Dating a single mother with a teenage daughter
Going on a date, flirting with someone, kissing someone, testing your chemistry—these aren’t links in a chain of events that leads to an irreversible “We have to have sex now” contract that you’re obligated to uphold against your own wishes, inclinations, and desires.
* * * Dear Prudence, I’m recently getting back into dating after 11 years of marriage.
I have sympathy for your stepson, who is still a child in need of counseling and support.
Your husband must find a therapeutic intervention that provides him with the help he needs to communicate nonviolently.
If your stepson is seeing a regular talk therapist, and it’s not helping, your husband should consider finding someone who specializes in anger management, behavioral intervention, and preventing violence.
(My favorite is finding the DUI of a guy even though he’d never told me his name.
* * * Dear Prudence, I am a stay-at-home mom with a 2-year-old toddler. We have a restraining order against her after she threatened me while I was pregnant.
Right now, my stepson lives with us full time and only has supervised visits with his mother.

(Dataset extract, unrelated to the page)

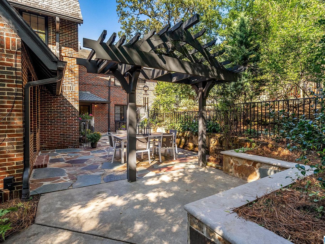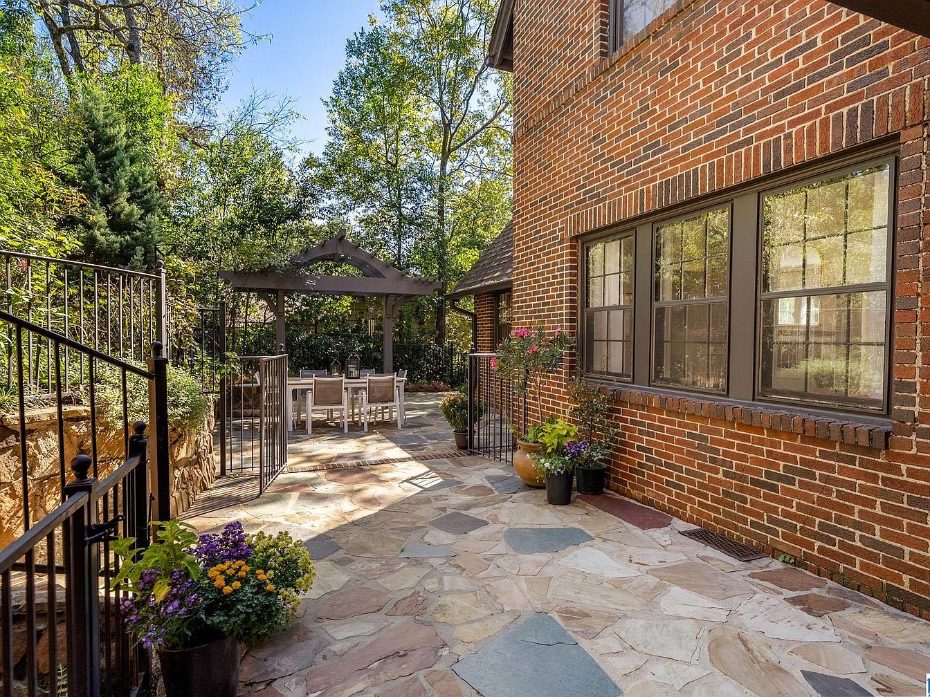 A spacious stone patio sits alongside a historic brick home, with a classic red and dark brown brick exterior. The patio flooring features irregularly shaped flagstones in neutral beige and gray hues. Black iron railings create a sense of enclosure, while potted plants and flowers add natural color and charm. Beyond the main area, a charming wooden pergola provides shade over a white rectangular dining table surrounded by white outdoor chairs. Lush greenery and mature trees offer a private, tranquil atmosphere, filtered with sunlight and framed by rustic yet inviting landscaping elements.
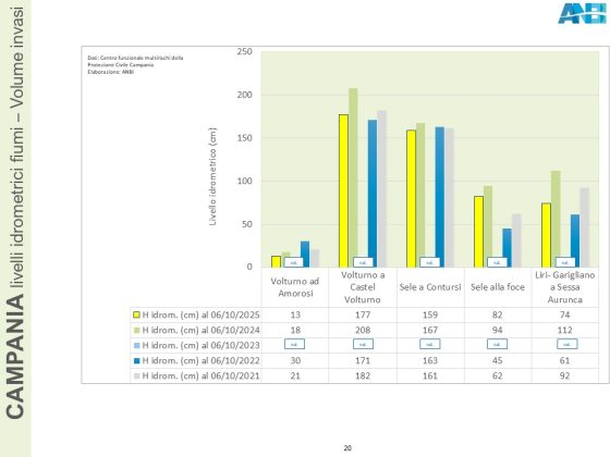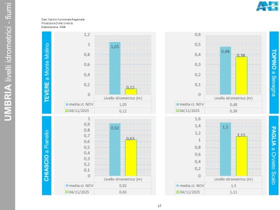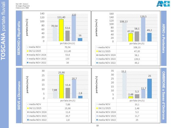In Umbria, le portate dei fiumi sono stabili ma più scarse del normale, mentre viene registrata una crescita di cm. 6 nell’altezza idrometrica del lago Trasimeno; la diga Arezzo trattiene ancora 1.550.000 metri cubi d’acqua.

* * * Dear Prudence, I have more than once had sex, or gone further than I was really comfortable going with men, for the sake of preserving their feelings, or because I felt I had already taken things too far to back out.
Almost all of my female friends have a similar story.
Search for dating a single mother with a teenage daughter:
There are dozens of ways to politely stop a sexual encounter: “Thanks for a nice evening, but I’m not feeling a connection, so I’m going to go home”; “I’m not comfortable with this anymore; let’s stop”; “I’m not coming in, good night.” The bigger problem, which you’ve already identified, is overriding the voice in your brain that says Oh my God, I couldn’t possibly say that, even if it were true.